/---
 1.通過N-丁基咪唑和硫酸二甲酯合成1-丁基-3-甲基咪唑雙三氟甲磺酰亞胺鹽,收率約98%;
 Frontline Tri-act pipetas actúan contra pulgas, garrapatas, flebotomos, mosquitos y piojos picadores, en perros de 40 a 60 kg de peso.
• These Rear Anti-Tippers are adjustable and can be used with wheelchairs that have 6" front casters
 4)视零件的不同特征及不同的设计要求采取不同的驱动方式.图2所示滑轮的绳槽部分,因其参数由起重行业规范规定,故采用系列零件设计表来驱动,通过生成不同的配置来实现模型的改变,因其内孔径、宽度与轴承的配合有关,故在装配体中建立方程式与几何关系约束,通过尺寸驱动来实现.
\---
/---
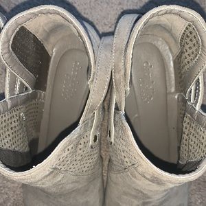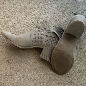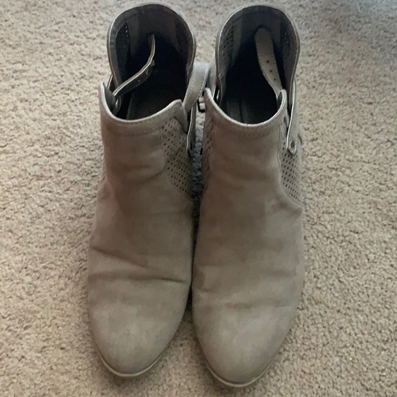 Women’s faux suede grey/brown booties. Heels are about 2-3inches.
\---
/---
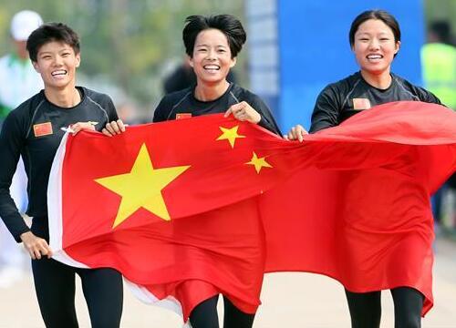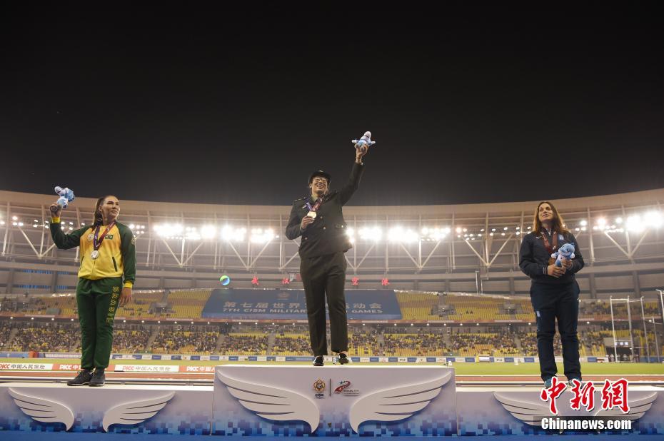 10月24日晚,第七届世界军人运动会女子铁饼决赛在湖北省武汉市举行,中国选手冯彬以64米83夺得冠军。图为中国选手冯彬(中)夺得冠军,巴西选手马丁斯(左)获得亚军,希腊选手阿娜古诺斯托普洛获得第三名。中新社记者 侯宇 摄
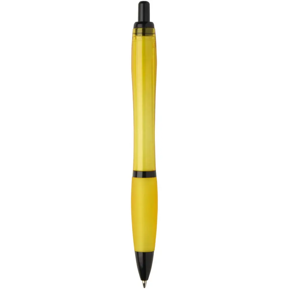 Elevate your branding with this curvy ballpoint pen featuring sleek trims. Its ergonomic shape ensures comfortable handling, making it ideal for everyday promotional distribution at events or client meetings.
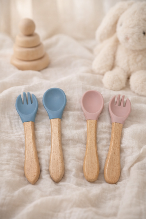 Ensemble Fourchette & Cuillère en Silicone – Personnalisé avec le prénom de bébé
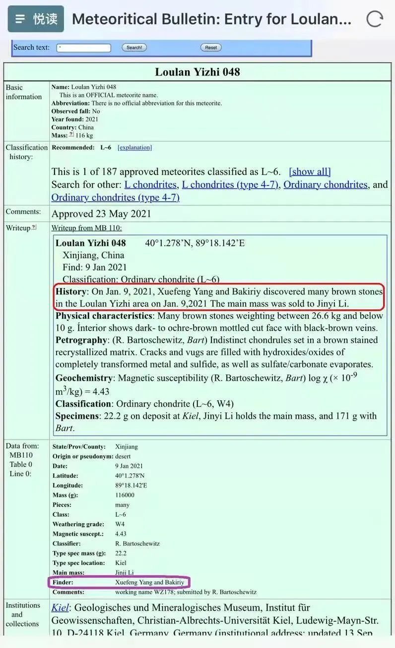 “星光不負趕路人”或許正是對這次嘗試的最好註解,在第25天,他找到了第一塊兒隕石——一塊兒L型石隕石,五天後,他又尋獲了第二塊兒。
\---
▶ [WHAT YOU ARE ASKED TO DO] In the entries above, find the line with "1.通過N-丁基咪唑和硫酸二" and the line with "4)视零件的不同特征及不同的", then set down exactly those two and every line between them, nothing else.

▶ [ANSWER SPACE]
 1.通過N-丁基咪唑和硫酸二甲酯合成1-丁基-3-甲基咪唑雙三氟甲磺酰亞胺鹽,收率約98%;
 Frontline Tri-act pipetas actúan contra pulgas, garrapatas, flebotomos, mosquitos y piojos picadores, en perros de 40 a 60 kg de peso.
• These Rear Anti-Tippers are adjustable and can be used with wheelchairs that have 6" front casters
 4)视零件的不同特征及不同的设计要求采取不同的驱动方式.图2所示滑轮的绳槽部分,因其参数由起重行业规范规定,故采用系列零件设计表来驱动,通过生成不同的配置来实现模型的改变,因其内孔径、宽度与轴承的配合有关,故在装配体中建立方程式与几何关系约束,通过尺寸驱动来实现.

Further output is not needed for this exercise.